4. Il résulte de l'instruction que par jugement du tribunal de commerce de Saint-Malo du 17 janvier 2023 publié au BODACC le 22 janvier 2023, une procédure de liquidation judiciaire a été ouverte à l'encontre de la société Le Grand Bleu Bretagne Nord et que le CROUS de Rennes-Bretagne, qui a demandé auprès du liquidateur judiciaire suivant les modalités prévues à l'article R. 624-14 du code de commerce, la restitution des pièces de linge lui appartenant, s'est vu opposer une irrecevabilité tirée de la tardiveté de sa demande.
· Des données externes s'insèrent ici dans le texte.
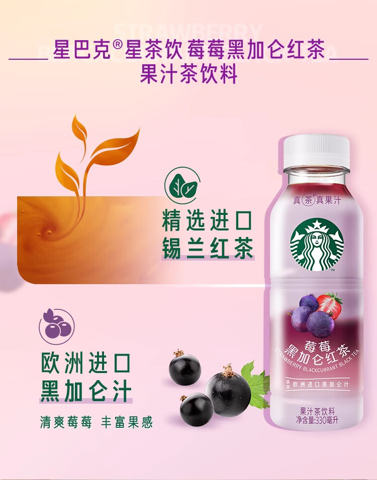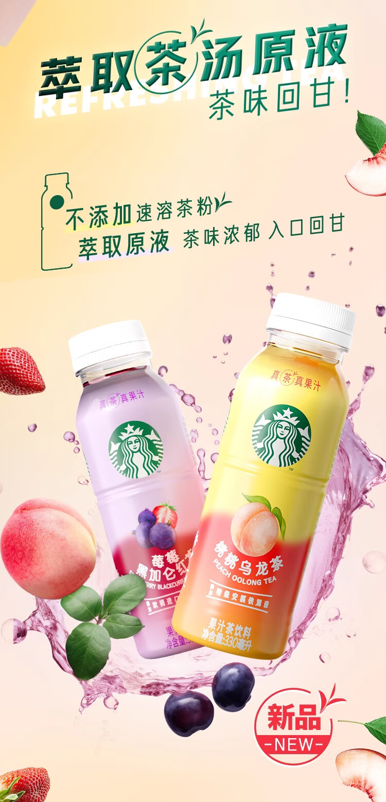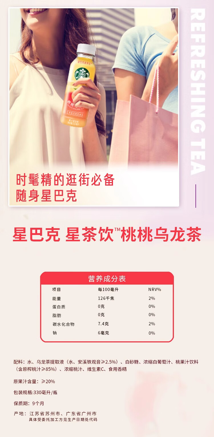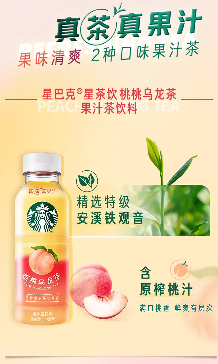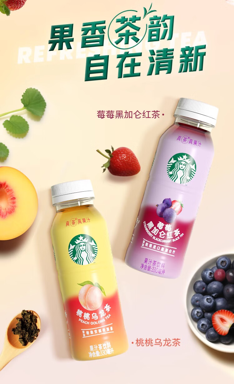 星巴克星茶饮桃桃乌龙茶果汁茶饮料330ml*15瓶 AJ1386

Si les dispositions combinées des articles L. 621-40, L. 622-41, L. 621-43 et L. 621-46 du code de commerce réservent à l'autorité judiciaire la détermination des modalités de règlement des créances sur les entreprises en état de redressement, puis de liquidation judiciaire, la demande du CROUS de Rennes-Bretagne n'est toutefois pas relative à la mise en œuvre des règles propres à la procédure collective et ne tend pas au paiement d'une créance. Le litige qui vise à une condamnation à une obligation de faire pour assurer l'exécution d'un marché public n'est ainsi manifestement pas insusceptible de se rattacher à la compétence administrative. Il est constant que les articles textiles en cause sont la propriété du CROUS de Rennes-Bretagne et sont affectés à sa mission de service public de gestion des œuvres universitaires. La requête du CROUS de Rennes-Bretagne ne se heurte par suite à aucune contestation sérieuse.

5. En outre, l'absence de restitution des articles textiles, au nombre de 1 524 selon l'inventaire joint, est de nature à porter atteinte au bon fonctionnement des cités universitaires et à la continuité du service public géré par le CROUS de Rennes-Bretagne. Ainsi qu'il a été dit précédemment, la mise en demeure notifiée par le CROUS de Rennes-Bretagne à la société Le Grand Bleu Bretagne Nord est restée infructueuse et le liquidateur a refusé de faire droit à la demande de restitution qui lui a été présentée. La mesure sollicitée présente ainsi un caractère d'urgence et d'utilité. Enfin, cette mesure ne fait obstacle à l'exécution d'aucune décision administrative.

6. Il résulte de ce qui précède qu'il y a lieu d'enjoindre à la société Le Grand Bleu Bretagne Nord, prise en la personne de son liquidateur judiciaire, de restituer au CROUS de Rennes-Bretagne, les pièces de linge lui appartenant, au nombre, selon l'inventaire joint non contesté, de 506 s'agissant des cités universitaires brestoises, de 871 s'agissant des cités universitaires de Rennes Villejean et de 147 s'agissant des cités universitaires de Rennes Centre, dans un délai fixé à deux semaines, en assortissant cette injonction d'une astreinte de 100 euros par jour de retard passé ce délai jusqu'à la date à laquelle l'ordonnance aura reçu exécution.

Sur les frais liés au litige :

7. Dans les circonstances de l'espèce, il n'y a pas lieu de faire droit aux conclusions présentées par le CROUS de Rennes-Bretagne tendant à l'application des dispositions de l'article L. 761-1 du code de justice administrative.

O R D O N N E :

Article 1er : Il est enjoint à la société Le Grand Bleu Bretagne Nord, prise en la personne de son liquidateur judiciaire, de restituer au CROUS de Rennes-Bretagne, les pièces de linge lui appartenant, au nombre, selon l'inventaire joint, de 506 s'agissant des cités universitaires brestoises, de 871 s'agissant des cités universitaires de Rennes Villejean et de 147 s'agissant des cités universitaires de Rennes Centre, dans un délai de deux semaines, sous astreinte de 100 euros par jour de retard passé ce délai jusqu'à la date à laquelle l'ordonnance aura reçu exécution.

Article 2 : Le surplus des conclusions de la requête est rejeté.

Article 3 : La présente ordonnance sera notifiée au CROUS de Rennes-Bretagne et à la Selarl LH et associés, liquidateur judiciaire de la société Le Grand Bleu Bretagne Nord.

Fait à Rennes, le 4 juillet 2023.

Le juge des référés,

signé

F. Plumerault La greffière d'audience,

signé

A. Gauthier

La République mande et ordonne au préfet d'Ille-et-Vilaine en ce qui le concerne ou à tous commissaires de justice à ce requis en ce qui concerne les voies de droit commun, contre les parties privées, de pourvoir à l'exécution de la présente décision.